Few people know whats a telecentric is, and even less people know hypercentric lenses.
In short: Normal endocentric lenses have their entrance pupil near or inside the lens, telecentric lenses have this at infinity! The principal rays are all parallel!
This results in images without perspective - someting like from far away.
With a hypercentric lens the entrance pupil is behind the object - this results in strange kind of projection.
At the moment I have made my test images with white light, but the commercial available lenses are corrected for monochrome light only.
Most likely I could get much better images with monochrome light too.
Here a dice:
One could see much more than with endocentric or telecentric lenses - this is the reason why hypercentric lenses are used for machine vision!
You see, with white light there are plenty of abberations.

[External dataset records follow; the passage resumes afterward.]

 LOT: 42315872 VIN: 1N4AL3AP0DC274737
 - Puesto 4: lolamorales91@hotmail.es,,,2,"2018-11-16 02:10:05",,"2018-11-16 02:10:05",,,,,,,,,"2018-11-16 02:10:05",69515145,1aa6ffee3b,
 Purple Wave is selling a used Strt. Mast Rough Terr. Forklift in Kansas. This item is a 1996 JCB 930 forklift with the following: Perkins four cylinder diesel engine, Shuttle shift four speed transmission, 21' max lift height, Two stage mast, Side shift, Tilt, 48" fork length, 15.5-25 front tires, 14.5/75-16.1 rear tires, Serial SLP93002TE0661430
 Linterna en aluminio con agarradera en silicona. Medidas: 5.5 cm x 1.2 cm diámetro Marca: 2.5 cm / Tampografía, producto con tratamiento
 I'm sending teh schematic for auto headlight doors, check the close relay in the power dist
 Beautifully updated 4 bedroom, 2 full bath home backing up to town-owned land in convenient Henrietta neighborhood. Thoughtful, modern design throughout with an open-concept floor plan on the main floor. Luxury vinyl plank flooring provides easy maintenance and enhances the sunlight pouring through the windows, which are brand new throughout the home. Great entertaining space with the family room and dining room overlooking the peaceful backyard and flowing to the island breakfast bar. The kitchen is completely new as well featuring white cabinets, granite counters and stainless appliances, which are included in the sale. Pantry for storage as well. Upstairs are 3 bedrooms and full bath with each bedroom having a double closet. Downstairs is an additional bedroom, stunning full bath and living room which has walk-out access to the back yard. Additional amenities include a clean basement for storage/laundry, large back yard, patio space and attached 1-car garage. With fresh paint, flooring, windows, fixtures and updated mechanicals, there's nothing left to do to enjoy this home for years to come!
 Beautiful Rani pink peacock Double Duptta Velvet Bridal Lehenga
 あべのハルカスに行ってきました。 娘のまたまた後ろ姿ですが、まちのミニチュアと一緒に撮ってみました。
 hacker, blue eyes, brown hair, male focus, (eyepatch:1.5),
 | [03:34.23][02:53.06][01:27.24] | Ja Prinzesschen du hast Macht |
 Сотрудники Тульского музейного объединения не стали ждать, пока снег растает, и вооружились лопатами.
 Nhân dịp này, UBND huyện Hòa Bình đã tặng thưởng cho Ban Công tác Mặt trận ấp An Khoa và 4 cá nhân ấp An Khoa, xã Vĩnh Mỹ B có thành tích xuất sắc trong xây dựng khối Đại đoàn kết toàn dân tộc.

But at the moment I have not uses a monochrome light suorce for my tests.
Now an image with the strange perspective - the lines on the paper are parallel.
And here a Edding color marker, seen from behind. You could see the printing on the parallel coat of the pencil.
For photography this kind of lens is very unpopular - I search for objects that give great interessting images :-)
And now how you could build your own hypercentric lens:
Use a telecentric adapter like I showed here. Some extension tubes between lens and this adapter, and for example a Helios 44 58mm f/2.0 lens:
Or here with a Jupiter 9 85mm f/2.0 lens and this telecentric adapter:
For a bigger field of view I used a Helios 44 58mm f/2.0 directly on the camera, and with some kind of extension tube a condensor lens from an enlarger:
With the latest I made the dice images.